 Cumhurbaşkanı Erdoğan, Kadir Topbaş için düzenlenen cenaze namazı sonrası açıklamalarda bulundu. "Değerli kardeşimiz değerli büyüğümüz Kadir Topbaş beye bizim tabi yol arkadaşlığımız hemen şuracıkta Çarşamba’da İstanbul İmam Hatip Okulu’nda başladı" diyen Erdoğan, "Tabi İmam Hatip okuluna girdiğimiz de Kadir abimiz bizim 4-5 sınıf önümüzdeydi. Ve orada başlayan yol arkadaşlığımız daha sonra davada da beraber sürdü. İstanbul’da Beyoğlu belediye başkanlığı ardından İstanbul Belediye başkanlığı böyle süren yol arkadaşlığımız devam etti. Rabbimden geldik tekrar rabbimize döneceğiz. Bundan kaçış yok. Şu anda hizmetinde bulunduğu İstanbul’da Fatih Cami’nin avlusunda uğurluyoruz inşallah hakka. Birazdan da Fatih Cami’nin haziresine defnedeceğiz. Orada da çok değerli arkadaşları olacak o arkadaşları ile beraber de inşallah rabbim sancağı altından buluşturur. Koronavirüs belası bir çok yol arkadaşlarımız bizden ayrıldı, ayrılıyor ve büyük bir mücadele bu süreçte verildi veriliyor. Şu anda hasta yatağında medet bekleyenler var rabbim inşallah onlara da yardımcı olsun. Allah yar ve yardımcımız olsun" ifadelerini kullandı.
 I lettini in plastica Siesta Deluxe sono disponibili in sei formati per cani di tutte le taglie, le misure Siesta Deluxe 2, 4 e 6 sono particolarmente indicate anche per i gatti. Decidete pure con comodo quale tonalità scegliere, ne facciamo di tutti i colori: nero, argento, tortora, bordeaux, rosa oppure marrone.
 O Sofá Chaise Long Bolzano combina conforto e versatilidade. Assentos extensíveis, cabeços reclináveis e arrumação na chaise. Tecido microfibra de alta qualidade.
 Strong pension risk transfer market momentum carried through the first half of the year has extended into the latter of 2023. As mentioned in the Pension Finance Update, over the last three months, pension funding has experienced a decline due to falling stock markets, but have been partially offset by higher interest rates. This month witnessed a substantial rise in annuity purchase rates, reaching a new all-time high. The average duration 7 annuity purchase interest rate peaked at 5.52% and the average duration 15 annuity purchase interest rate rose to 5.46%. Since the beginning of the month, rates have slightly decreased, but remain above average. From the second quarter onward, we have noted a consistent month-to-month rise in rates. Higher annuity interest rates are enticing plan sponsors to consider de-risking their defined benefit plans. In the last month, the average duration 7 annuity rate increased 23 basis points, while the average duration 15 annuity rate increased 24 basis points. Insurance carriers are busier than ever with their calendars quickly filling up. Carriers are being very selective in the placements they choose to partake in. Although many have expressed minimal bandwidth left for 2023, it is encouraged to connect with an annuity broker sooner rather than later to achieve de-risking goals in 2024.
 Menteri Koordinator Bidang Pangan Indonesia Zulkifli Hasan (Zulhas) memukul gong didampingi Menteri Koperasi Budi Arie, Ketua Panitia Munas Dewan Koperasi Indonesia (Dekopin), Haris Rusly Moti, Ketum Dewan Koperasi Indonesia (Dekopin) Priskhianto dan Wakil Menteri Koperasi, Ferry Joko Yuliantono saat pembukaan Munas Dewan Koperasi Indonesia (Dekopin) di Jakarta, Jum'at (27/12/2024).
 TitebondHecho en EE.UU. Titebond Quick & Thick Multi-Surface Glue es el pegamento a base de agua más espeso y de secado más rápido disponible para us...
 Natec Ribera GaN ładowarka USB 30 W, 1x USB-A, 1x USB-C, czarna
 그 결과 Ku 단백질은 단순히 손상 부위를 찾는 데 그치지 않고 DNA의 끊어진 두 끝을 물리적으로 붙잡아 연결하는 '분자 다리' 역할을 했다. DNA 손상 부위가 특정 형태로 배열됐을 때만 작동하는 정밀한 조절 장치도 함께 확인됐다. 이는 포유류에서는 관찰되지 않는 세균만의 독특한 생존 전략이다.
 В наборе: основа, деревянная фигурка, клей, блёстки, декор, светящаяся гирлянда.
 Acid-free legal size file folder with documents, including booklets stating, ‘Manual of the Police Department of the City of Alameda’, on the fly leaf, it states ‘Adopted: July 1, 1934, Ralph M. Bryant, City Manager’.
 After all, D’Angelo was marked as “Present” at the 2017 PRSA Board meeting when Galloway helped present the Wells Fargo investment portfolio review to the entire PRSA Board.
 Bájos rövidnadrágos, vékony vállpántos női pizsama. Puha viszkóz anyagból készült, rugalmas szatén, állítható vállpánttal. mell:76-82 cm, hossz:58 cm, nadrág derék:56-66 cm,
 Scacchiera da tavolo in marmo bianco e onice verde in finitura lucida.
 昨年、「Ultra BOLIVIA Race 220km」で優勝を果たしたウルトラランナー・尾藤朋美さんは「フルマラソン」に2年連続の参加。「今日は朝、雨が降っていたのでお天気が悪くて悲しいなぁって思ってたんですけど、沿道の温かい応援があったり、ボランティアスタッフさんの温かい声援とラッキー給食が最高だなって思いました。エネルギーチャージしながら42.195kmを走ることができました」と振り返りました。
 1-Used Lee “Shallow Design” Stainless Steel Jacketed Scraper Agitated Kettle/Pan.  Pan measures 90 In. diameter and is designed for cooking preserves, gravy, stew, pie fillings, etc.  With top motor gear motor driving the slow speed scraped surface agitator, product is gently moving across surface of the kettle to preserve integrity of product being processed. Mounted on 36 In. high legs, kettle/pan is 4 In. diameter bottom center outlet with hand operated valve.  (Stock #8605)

EXERCISE GOAL:
In full and without any edits, output the material above.

RESPONSE:
 Cumhurbaşkanı Erdoğan, Kadir Topbaş için düzenlenen cenaze namazı sonrası açıklamalarda bulundu. "Değerli kardeşimiz değerli büyüğümüz Kadir Topbaş beye bizim tabi yol arkadaşlığımız hemen şuracıkta Çarşamba’da İstanbul İmam Hatip Okulu’nda başladı" diyen Erdoğan, "Tabi İmam Hatip okuluna girdiğimiz de Kadir abimiz bizim 4-5 sınıf önümüzdeydi. Ve orada başlayan yol arkadaşlığımız daha sonra davada da beraber sürdü. İstanbul’da Beyoğlu belediye başkanlığı ardından İstanbul Belediye başkanlığı böyle süren yol arkadaşlığımız devam etti. Rabbimden geldik tekrar rabbimize döneceğiz. Bundan kaçış yok. Şu anda hizmetinde bulunduğu İstanbul’da Fatih Cami’nin avlusunda uğurluyoruz inşallah hakka. Birazdan da Fatih Cami’nin haziresine defnedeceğiz. Orada da çok değerli arkadaşları olacak o arkadaşları ile beraber de inşallah rabbim sancağı altından buluşturur. Koronavirüs belası bir çok yol arkadaşlarımız bizden ayrıldı, ayrılıyor ve büyük bir mücadele bu süreçte verildi veriliyor. Şu anda hasta yatağında medet bekleyenler var rabbim inşallah onlara da yardımcı olsun. Allah yar ve yardımcımız olsun" ifadelerini kullandı.
 I lettini in plastica Siesta Deluxe sono disponibili in sei formati per cani di tutte le taglie, le misure Siesta Deluxe 2, 4 e 6 sono particolarmente indicate anche per i gatti. Decidete pure con comodo quale tonalità scegliere, ne facciamo di tutti i colori: nero, argento, tortora, bordeaux, rosa oppure marrone.
 O Sofá Chaise Long Bolzano combina conforto e versatilidade. Assentos extensíveis, cabeços reclináveis e arrumação na chaise. Tecido microfibra de alta qualidade.
 Strong pension risk transfer market momentum carried through the first half of the year has extended into the latter of 2023. As mentioned in the Pension Finance Update, over the last three months, pension funding has experienced a decline due to falling stock markets, but have been partially offset by higher interest rates. This month witnessed a substantial rise in annuity purchase rates, reaching a new all-time high. The average duration 7 annuity purchase interest rate peaked at 5.52% and the average duration 15 annuity purchase interest rate rose to 5.46%. Since the beginning of the month, rates have slightly decreased, but remain above average. From the second quarter onward, we have noted a consistent month-to-month rise in rates. Higher annuity interest rates are enticing plan sponsors to consider de-risking their defined benefit plans. In the last month, the average duration 7 annuity rate increased 23 basis points, while the average duration 15 annuity rate increased 24 basis points. Insurance carriers are busier than ever with their calendars quickly filling up. Carriers are being very selective in the placements they choose to partake in. Although many have expressed minimal bandwidth left for 2023, it is encouraged to connect with an annuity broker sooner rather than later to achieve de-risking goals in 2024.
 Menteri Koordinator Bidang Pangan Indonesia Zulkifli Hasan (Zulhas) memukul gong didampingi Menteri Koperasi Budi Arie, Ketua Panitia Munas Dewan Koperasi Indonesia (Dekopin), Haris Rusly Moti, Ketum Dewan Koperasi Indonesia (Dekopin) Priskhianto dan Wakil Menteri Koperasi, Ferry Joko Yuliantono saat pembukaan Munas Dewan Koperasi Indonesia (Dekopin) di Jakarta, Jum'at (27/12/2024).
 TitebondHecho en EE.UU. Titebond Quick & Thick Multi-Surface Glue es el pegamento a base de agua más espeso y de secado más rápido disponible para us...
 Natec Ribera GaN ładowarka USB 30 W, 1x USB-A, 1x USB-C, czarna
 그 결과 Ku 단백질은 단순히 손상 부위를 찾는 데 그치지 않고 DNA의 끊어진 두 끝을 물리적으로 붙잡아 연결하는 '분자 다리' 역할을 했다. DNA 손상 부위가 특정 형태로 배열됐을 때만 작동하는 정밀한 조절 장치도 함께 확인됐다. 이는 포유류에서는 관찰되지 않는 세균만의 독특한 생존 전략이다.
 В наборе: основа, деревянная фигурка, клей, блёстки, декор, светящаяся гирлянда.
 Acid-free legal size file folder with documents, including booklets stating, ‘Manual of the Police Department of the City of Alameda’, on the fly leaf, it states ‘Adopted: July 1, 1934, Ralph M. Bryant, City Manager’.
 After all, D’Angelo was marked as “Present” at the 2017 PRSA Board meeting when Galloway helped present the Wells Fargo investment portfolio review to the entire PRSA Board.
 Bájos rövidnadrágos, vékony vállpántos női pizsama. Puha viszkóz anyagból készült, rugalmas szatén, állítható vállpánttal. mell:76-82 cm, hossz:58 cm, nadrág derék:56-66 cm,
 Scacchiera da tavolo in marmo bianco e onice verde in finitura lucida.
 昨年、「Ultra BOLIVIA Race 220km」で優勝を果たしたウルトラランナー・尾藤朋美さんは「フルマラソン」に2年連続の参加。「今日は朝、雨が降っていたのでお天気が悪くて悲しいなぁって思ってたんですけど、沿道の温かい応援があったり、ボランティアスタッフさんの温かい声援とラッキー給食が最高だなって思いました。エネルギーチャージしながら42.195kmを走ることができました」と振り返りました。
 1-Used Lee “Shallow Design” Stainless Steel Jacketed Scraper Agitated Kettle/Pan.  Pan measures 90 In. diameter and is designed for cooking preserves, gravy, stew, pie fillings, etc.  With top motor gear motor driving the slow speed scraped surface agitator, product is gently moving across surface of the kettle to preserve integrity of product being processed. Mounted on 36 In. high legs, kettle/pan is 4 In. diameter bottom center outlet with hand operated valve.  (Stock #8605)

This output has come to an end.